GTZAN Music Speech is a binary classification task. The goal is to distinguish between music and speech. The dataset consists of 120 tracks (each 30 seconds in duration) and each class (music/speech) has 60 examples. As per the literature, scores are averaged over 10 folds.


LibriCount is a multiclass speaker count identification task. We created this task using LibriCount, a dataset for speaker count estimation. The dataset contains audio that is simulated cocktail party environment with 0 to 10 speakers. The goal of this task is to classify how many speakers are present in each of the recordings. Scores are averaged over 5 folds.


Music transcription task adapted from MAESTRO. For HEAR 2021 we created a subsampled version of this task that included 5 hours of training + validation audio, using 120 second clips. A shallow transcription model was trained on timestamp based embeddings provided by participant models.

We use note onset FMS and note onset with offset FMS for evaluation, as per the original MAESTRO paper (Hawthorne et al., 2019) and the preceding Onsets and Frames paper (Hawthorne er al., 2018).
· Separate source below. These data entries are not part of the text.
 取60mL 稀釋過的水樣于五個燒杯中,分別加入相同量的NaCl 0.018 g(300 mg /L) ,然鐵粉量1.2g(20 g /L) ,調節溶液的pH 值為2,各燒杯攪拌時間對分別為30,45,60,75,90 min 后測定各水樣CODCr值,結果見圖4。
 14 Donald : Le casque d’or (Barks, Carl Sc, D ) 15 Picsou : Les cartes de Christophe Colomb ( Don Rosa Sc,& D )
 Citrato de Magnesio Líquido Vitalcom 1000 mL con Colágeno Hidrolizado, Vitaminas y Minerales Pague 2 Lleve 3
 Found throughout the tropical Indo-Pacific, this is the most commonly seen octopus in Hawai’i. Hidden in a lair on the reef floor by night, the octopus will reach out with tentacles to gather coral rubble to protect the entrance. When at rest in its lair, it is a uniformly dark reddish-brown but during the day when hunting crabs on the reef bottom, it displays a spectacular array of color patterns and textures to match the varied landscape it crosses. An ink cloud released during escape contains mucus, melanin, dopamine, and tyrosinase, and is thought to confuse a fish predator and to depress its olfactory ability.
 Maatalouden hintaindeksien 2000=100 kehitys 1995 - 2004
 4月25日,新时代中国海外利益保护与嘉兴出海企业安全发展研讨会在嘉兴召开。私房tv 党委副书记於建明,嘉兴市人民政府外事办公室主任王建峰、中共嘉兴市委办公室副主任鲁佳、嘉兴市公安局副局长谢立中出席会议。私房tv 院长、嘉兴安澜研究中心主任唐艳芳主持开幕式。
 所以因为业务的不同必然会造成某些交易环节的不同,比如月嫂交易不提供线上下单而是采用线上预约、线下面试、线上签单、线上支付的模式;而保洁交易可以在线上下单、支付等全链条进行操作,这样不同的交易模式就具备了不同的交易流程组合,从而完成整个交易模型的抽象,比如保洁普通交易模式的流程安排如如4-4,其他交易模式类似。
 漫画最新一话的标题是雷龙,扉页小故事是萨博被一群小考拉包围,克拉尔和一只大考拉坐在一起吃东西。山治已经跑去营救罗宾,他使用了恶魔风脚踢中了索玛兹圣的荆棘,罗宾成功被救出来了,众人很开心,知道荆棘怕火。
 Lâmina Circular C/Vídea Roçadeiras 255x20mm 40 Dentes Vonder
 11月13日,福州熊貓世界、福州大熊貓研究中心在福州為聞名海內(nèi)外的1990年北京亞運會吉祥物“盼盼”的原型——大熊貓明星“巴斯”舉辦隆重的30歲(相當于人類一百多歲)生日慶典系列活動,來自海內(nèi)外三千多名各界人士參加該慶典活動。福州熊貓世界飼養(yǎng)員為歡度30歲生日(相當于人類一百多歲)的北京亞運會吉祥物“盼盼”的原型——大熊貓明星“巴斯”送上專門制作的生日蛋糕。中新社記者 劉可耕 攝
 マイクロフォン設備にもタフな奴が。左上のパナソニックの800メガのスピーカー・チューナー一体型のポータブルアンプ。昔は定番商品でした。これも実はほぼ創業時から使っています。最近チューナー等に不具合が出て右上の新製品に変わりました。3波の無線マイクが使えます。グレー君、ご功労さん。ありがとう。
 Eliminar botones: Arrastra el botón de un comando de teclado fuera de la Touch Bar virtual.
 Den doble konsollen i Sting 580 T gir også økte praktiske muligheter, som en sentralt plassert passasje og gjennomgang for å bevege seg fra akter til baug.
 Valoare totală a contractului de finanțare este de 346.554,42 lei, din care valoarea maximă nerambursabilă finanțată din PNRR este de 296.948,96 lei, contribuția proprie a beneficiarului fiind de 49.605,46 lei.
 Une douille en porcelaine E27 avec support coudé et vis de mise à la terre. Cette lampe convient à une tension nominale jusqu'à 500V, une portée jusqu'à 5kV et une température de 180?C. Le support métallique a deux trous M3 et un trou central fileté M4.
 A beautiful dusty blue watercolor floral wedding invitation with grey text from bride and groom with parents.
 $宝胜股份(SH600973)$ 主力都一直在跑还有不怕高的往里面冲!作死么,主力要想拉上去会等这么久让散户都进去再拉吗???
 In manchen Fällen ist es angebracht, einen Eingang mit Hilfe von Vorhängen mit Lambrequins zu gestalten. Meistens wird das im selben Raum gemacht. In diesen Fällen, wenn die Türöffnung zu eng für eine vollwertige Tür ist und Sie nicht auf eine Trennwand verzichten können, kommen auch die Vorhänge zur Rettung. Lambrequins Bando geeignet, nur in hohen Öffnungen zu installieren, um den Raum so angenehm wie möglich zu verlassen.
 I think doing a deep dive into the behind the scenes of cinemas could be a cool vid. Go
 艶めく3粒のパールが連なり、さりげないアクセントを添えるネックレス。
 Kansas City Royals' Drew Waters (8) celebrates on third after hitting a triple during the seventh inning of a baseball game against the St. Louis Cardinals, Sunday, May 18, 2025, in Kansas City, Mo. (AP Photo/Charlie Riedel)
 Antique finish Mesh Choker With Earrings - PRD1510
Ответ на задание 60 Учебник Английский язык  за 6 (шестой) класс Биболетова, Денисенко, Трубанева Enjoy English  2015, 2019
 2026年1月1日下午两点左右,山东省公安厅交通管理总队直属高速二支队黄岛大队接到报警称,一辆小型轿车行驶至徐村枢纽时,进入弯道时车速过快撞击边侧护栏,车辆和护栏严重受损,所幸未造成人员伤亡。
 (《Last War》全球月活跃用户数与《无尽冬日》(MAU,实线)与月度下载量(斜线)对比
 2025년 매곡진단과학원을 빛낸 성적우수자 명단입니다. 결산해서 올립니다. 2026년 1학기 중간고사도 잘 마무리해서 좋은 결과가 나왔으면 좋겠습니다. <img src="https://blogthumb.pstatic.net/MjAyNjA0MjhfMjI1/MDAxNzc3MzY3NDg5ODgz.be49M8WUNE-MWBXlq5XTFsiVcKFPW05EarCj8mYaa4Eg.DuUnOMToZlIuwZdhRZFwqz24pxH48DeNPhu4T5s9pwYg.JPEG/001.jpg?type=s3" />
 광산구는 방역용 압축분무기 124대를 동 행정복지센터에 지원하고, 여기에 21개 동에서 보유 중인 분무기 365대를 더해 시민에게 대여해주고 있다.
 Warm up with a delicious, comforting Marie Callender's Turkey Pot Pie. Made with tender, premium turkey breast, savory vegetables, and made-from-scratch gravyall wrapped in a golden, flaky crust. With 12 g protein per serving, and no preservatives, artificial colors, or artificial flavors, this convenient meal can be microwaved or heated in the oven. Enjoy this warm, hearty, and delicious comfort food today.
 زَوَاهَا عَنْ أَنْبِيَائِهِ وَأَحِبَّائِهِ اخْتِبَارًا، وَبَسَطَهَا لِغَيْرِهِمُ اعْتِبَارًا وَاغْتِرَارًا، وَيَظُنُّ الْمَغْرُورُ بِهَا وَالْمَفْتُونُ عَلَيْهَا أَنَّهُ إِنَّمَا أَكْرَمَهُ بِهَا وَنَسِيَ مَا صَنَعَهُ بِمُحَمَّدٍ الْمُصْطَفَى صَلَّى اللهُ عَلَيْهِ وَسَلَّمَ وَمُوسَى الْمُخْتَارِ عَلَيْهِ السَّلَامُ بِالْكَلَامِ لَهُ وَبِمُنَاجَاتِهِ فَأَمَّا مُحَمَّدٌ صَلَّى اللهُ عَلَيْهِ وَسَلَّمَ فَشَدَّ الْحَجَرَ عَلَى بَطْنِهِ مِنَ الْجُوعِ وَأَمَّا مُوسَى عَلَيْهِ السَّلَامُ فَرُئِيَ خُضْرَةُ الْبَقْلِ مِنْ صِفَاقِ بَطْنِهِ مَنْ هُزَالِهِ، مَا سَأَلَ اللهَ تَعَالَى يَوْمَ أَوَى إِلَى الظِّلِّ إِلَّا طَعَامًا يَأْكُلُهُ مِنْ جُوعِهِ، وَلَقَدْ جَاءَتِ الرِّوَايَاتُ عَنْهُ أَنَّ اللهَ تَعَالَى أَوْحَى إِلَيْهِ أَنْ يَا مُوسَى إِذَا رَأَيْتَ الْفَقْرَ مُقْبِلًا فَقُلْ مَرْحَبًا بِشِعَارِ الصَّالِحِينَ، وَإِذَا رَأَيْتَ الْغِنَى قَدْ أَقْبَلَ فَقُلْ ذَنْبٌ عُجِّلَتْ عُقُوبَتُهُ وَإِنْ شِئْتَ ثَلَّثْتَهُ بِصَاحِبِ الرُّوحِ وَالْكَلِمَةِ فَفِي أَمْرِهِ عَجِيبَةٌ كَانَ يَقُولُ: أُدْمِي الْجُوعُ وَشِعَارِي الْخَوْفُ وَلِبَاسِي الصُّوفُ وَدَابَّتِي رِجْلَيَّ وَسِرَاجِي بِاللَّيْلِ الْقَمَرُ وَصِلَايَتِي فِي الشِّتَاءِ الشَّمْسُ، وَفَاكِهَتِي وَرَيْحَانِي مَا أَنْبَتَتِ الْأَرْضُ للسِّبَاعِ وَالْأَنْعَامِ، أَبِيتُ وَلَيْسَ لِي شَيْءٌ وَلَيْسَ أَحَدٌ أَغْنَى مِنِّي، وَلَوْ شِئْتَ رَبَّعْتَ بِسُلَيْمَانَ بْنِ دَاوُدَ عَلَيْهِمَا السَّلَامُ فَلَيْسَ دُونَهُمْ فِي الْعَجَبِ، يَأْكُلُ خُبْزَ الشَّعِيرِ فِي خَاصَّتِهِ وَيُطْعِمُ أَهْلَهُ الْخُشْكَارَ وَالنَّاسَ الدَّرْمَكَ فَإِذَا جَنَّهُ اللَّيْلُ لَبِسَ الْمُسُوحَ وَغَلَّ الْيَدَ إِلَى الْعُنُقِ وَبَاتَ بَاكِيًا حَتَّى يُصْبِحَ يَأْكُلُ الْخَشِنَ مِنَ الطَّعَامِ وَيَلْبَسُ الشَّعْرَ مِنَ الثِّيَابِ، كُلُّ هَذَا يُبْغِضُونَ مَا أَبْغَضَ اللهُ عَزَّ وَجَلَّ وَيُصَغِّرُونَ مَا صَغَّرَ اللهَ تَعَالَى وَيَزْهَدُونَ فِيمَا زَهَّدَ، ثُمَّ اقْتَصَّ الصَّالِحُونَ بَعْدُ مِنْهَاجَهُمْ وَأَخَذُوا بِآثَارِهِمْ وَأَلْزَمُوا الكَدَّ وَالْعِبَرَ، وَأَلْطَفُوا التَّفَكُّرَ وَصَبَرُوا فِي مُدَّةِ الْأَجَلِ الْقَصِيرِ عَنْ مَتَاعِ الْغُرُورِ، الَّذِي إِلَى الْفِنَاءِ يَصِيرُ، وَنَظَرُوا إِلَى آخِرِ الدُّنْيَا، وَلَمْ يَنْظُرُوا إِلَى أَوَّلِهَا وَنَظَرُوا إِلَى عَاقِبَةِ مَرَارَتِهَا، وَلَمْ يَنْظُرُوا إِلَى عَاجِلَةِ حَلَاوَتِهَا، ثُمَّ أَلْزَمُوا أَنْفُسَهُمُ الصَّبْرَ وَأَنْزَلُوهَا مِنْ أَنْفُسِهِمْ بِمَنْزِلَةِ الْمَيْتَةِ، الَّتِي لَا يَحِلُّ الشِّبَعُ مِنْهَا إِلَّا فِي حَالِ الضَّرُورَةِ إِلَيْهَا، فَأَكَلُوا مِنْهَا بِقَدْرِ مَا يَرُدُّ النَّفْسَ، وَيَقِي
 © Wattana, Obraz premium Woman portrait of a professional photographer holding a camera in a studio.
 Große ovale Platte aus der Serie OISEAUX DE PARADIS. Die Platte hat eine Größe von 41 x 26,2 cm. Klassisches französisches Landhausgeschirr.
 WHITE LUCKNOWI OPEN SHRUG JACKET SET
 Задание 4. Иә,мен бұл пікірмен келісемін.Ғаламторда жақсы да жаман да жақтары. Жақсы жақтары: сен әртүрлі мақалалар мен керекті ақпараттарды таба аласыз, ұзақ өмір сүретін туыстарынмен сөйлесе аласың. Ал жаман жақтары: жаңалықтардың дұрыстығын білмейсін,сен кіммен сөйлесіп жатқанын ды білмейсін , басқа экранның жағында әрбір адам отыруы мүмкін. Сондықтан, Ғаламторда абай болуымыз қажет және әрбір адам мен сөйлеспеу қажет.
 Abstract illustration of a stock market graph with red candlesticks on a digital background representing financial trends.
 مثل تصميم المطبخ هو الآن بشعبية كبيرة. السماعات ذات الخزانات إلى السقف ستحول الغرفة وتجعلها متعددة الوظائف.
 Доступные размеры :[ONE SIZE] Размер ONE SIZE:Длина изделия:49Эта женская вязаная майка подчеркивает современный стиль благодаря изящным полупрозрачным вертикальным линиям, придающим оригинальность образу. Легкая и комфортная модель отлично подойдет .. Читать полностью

Note onset measures the ability of the model to estimate note onsets with 50ms tolerance and ignores offsets. Note onset w/ offset includes onsets as well as requires note duration within 20% of ground truth or within 50ms, whichever is greater.

Mridingham Stroke and Tonic

We used the Mridangam Stroke Dataset for two distinct multiclass classification tasks: Stroke classification and Tonic classification. The Mridingam is a pitched percussion instrument used in carnatic music, a sub-genre of Indian classical music. The dataset comprises 10 different strokes played on Mridingams with 6 different tonics. For each of the two tasks (stroke and tonic), scores are averaged over 5 folds.

Vocal Imitations

This is a multiclass classification task where the goal is to match a vocal imitation of a sound with the original sound that is being imitated. This dataset contains 5601 vocal imitations of 302 reference sounds, organized by AudioSet ontology. Given a vocal sound, the classification task is to retrieve the original audio it was imitating. Scores are averaged over 3 folds.

Vox Lingua Top 10

This is a novel multiclass classification task derived from the VoxLingua107 dataset. The goal of the task is to identify the spoken language in an audio file. For HEAR 2021 we selected the top 10 most frequent languages from the development set, which resulted in just over 5 hours of audio over 972 audio clips. Scores are averaged over 5 folds.